Of course there is a matter of the money to fund a mission like this. Many question the reasoning to spend money up in space when it could be used in education or social programs. According to Tyson, the federal government spends about half a penny on the dollar on NASA and about fifty times that on education and social programs. Another two percent on the education and social programs budget is not going to be solving problems anytime soon. Assuming the government can double NASA’s budget, some argue the risks are too high. Tyson quoted that the Shuttle program had a two percent fatality rate in its lifetime while the Apollo program had an eight percent fatality rate. However, who wants to risk their life “going boldly where hundreds have gone before… fund the mission to Mars and there’ll be a line of volunteers around the block… risk takers do live among us.”
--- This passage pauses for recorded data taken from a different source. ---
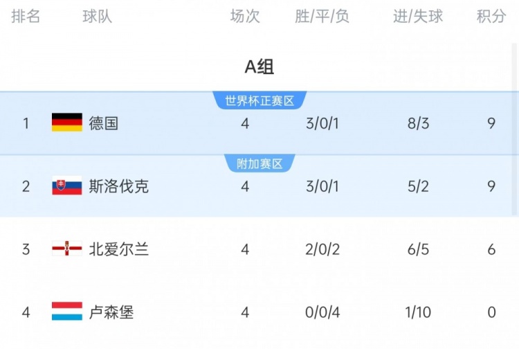 德国3胜1负积9分,在欧洲世初赛A组中名次首位,而斯洛伐克同积9分排在第二位,关于德国队的出线地点,克罗斯抱乐不雅派头。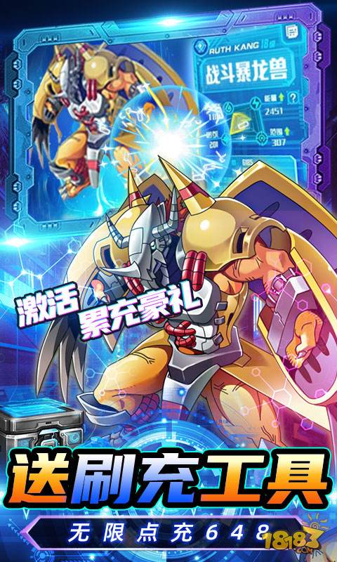 1.上线送VIP7,金币一亿,钻石888万,充值比例1:10000 2.登录三选一主宠数码兽【亚古兽,巴鲁兽,巴达兽】 3.上线就送GM神权,首日万抽领取炫酷坐骑、更有超多真充卡领取。送无限点充,VIP全白给。 4.买断系统,一键买断,终身领取,更有大礼送无限连抽(每天在各种活跃活动里领取连抽道具)。 5.另有海量经典数码兽,游戏里免费得,还原经典,唤起回忆。 6. 每日在线领GM点,GM商城全免,0氪也能当大佬。 7.线下充值返利,钻石拿到手抽筋。线下活动礼包,让你一步登顶! 8.线上线下活动双重出击不停歇,福利满满!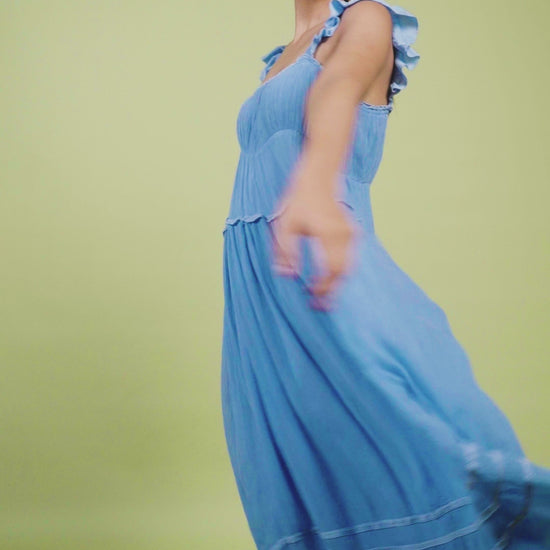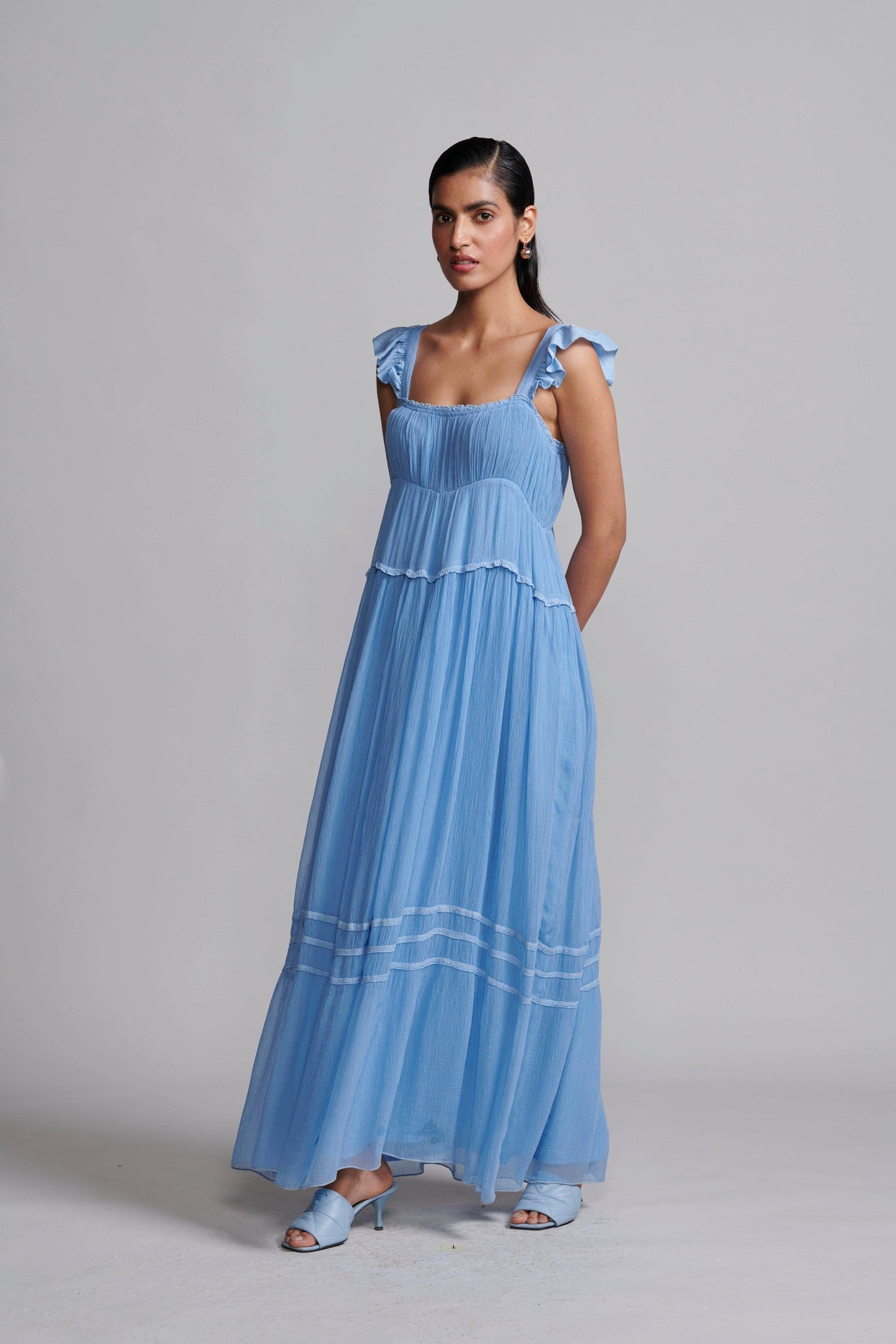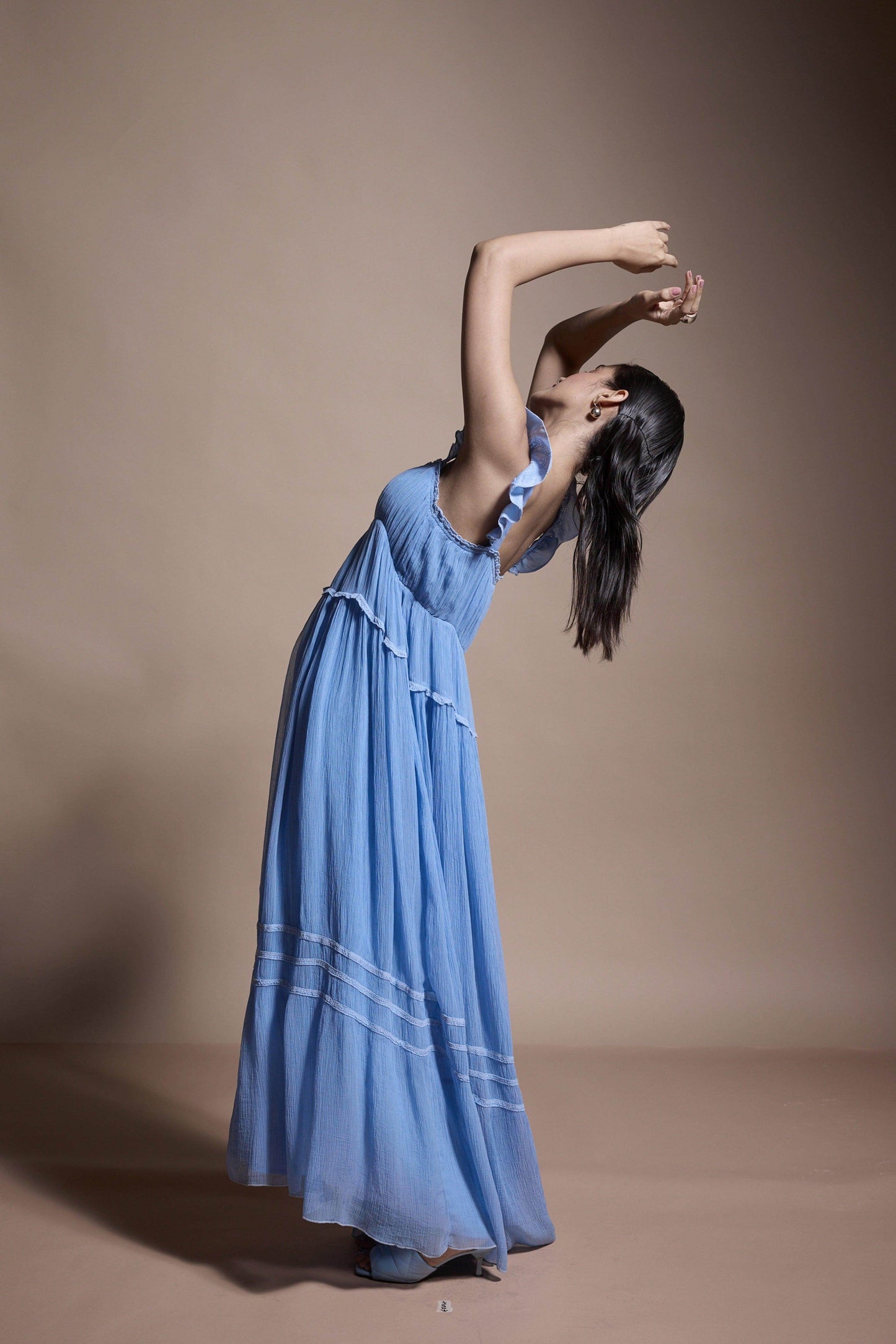 Azure blue tiered maxi dress in soft, breathable crinkled georgette. Features tonal lace appliqué and delicate ruching for added movement. Ruffled shoulder straps. Fully lined.
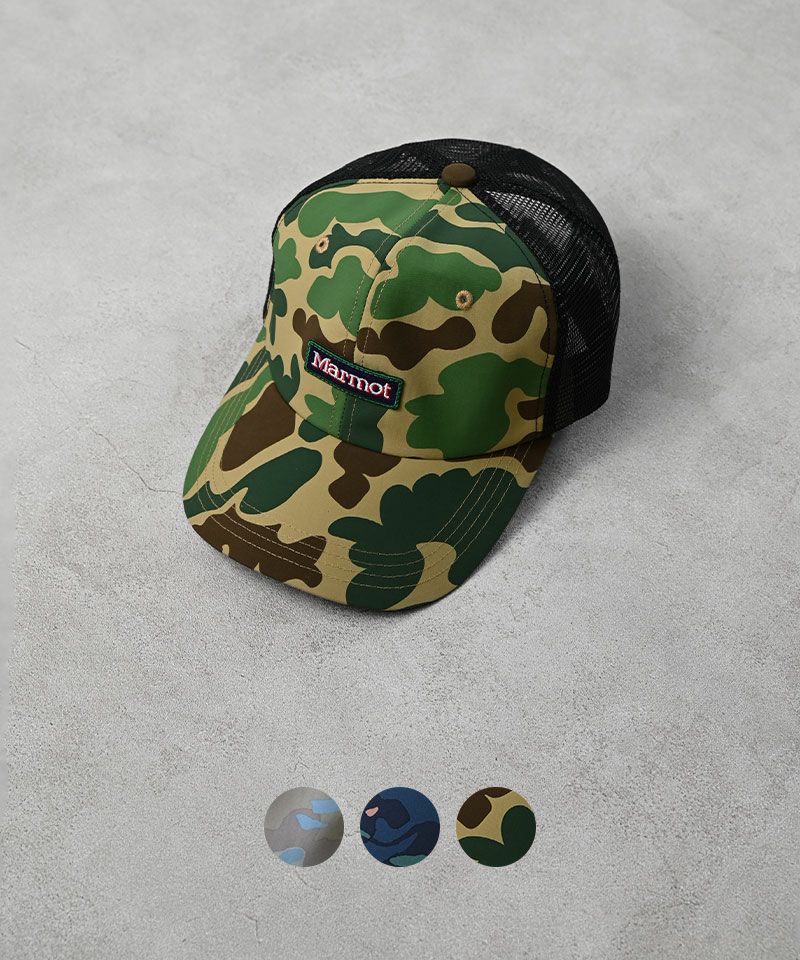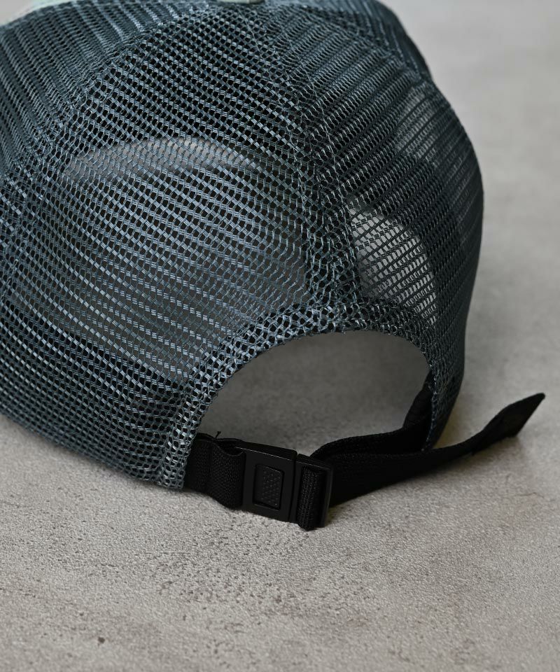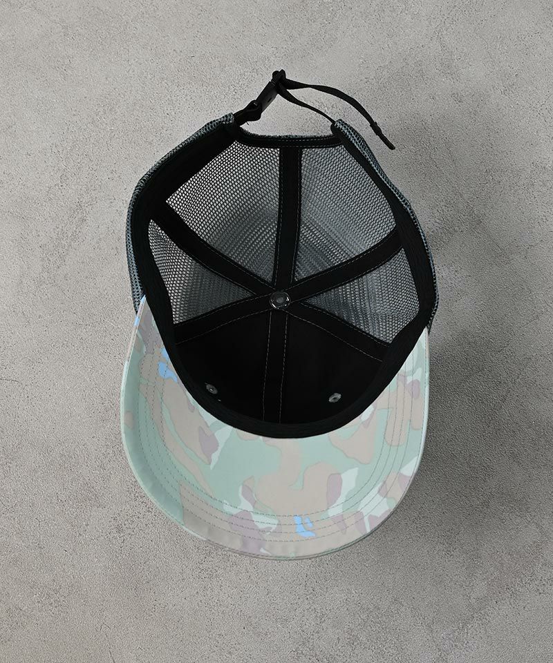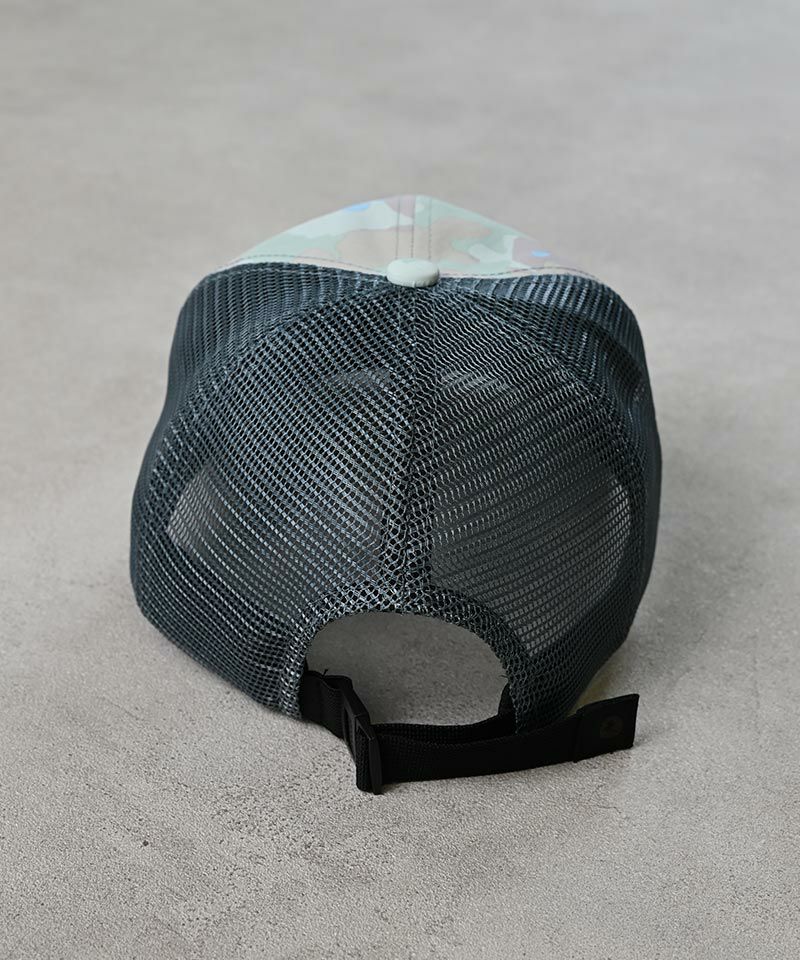 ラウンドしたつば部分と迷彩柄が特徴的なメッシュキャップ。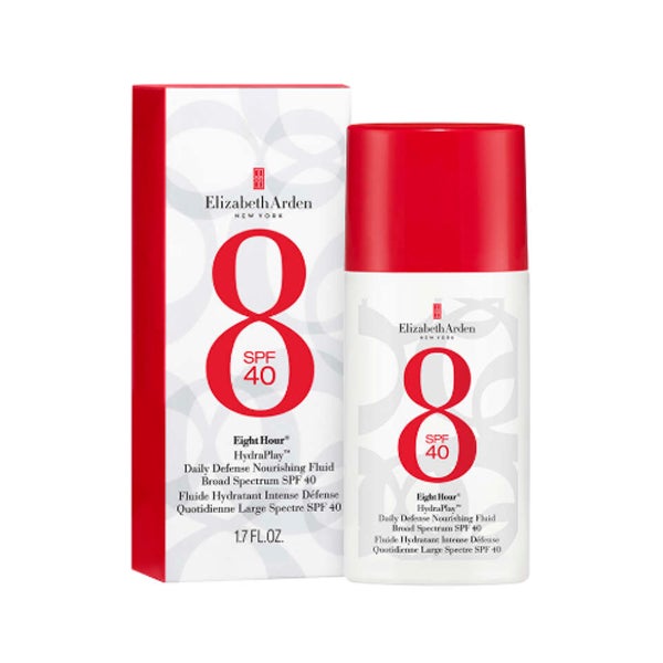 Elizabeth Arden HydraPlay™ Daily Defense Nourishing Fluid Broad Spectrum FPS 40 é uma nova adição à icônica coleção Eight Hour®, que oferece proteção invisível contra a poluição ambiental, luz azul e raios UVA/UVB. Com antioxidantes, um escudo botânico e extrato de beterraba, ajuda a proteger a pele dos efeitos do envelhecimento causados por esses fatores, que podem provocar danos dos radicais livres. Sua fórmula é projetada para proporcionar maior hidratação, deixando a pele suave, radiante e macia. É leve, sem perfume e vegano, não deixa resíduos brancos nem oleosos e é confortável na pele. Não comedogênico. Suave para todos os tipos de pele.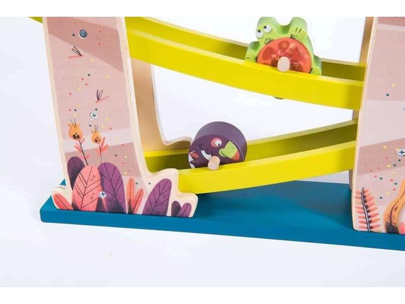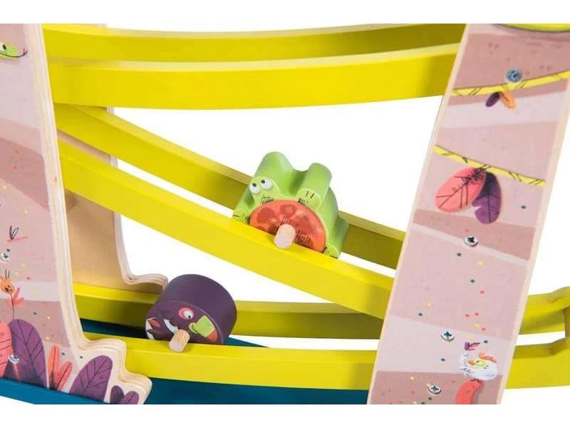 Les toupies dévalent les pentes de la jungle ! Cette cascade est composée de passerelles inclinées reliant deux baobabs en bois, où se laissent rouler les toupies toucan, serpent, et tortue. Leur terrain de jeu préféré !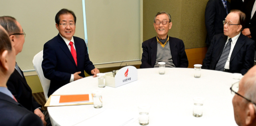 | 자유한국당 홍준표 대선후보가 23일 오전 서울 여의도 메리어트호텔에서 국가 원로를 예방한 자리에서 인사말을 하고 있다. 이 자리에는 김재창 전 한미연합사 부사령관, 최광 전 보건복지부 장관, 이영작 박사, 노재봉 전 총리, 정기승 전 대법관, 정진태 전 육군대장 등이 참석했다. 이제원 기자 |
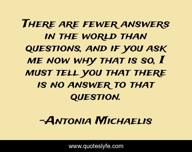 "Antonia Michaelis Quotes." Quoteslyfe.com, 2025. Fri. 05 Dec. 2025. <https://www.quoteslyfe.com/quote/There-are-fewer-answers-in-the-world-178401>.

The future risk takers, the astronauts, the mechanical engineers, the biologists, the electrical engineers, and the physicists are in schools across America. Tyson maintained it is not enough to get better math and science teachers because once the students come out of college, there are no jobs waiting for them. After all, who gets excited for a career in aerospace when the highlight of that career is to build a plane that is maybe ten percent more efficient? If a mission to Mars is funded, America can mold the future scientists and engineers and transform from a culture that is math and science hostile to one that is scientifically literate. The new wealth of jobs creates new industries that, because no other country has figured out, brings new wealth back to a nation.